The Nigerian economy is facing dollar shortages as oil revenue declines due to weaker prices and a drop in production to the lowest in more than 20 years. In light of this, the vice president of the Federal Republic of Nigeria is advocating for a review of our foreign exchange rate.
“Nigeria needs a ‘substantial review’ of its foreign exchange policies, including further consideration about devaluing the naira,” says Vice President Yemi Osinbajo.
President Muhammadu Buhari has resisted calls from investors and the International Monetary Fund to devalue the naira, which at the official rate has been pegged at 197-199 per dollar since March 2015. The black market exchange rate, which most businesses have been forced to use, is roughly 320 per dollar.

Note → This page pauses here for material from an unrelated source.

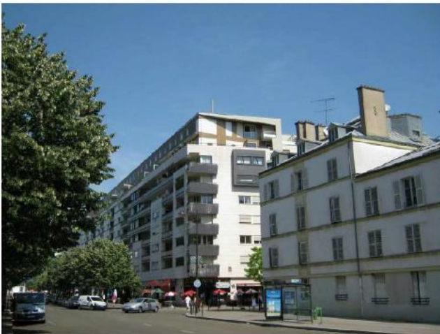
DP 6.1 - Photo du projet

Nevertheless, Osinbajo’s statement marks a shift in position by a government that has remained uncompromising on its managed foreign exchange policy.
“There has to be a substantial re-evaluation of the foreign exchange policy especially with the view to increasing FX supply and capital importation,” he said, adding that he’s “confident” that measures can be put in place to “attract FX.”
Finally, he states that, “the government is in talks about managing foreign exchange supplies with the central bank, which is entirely responsible for monetary policy; ‘Devaluation may feature’ in the discussions with the bank, he said.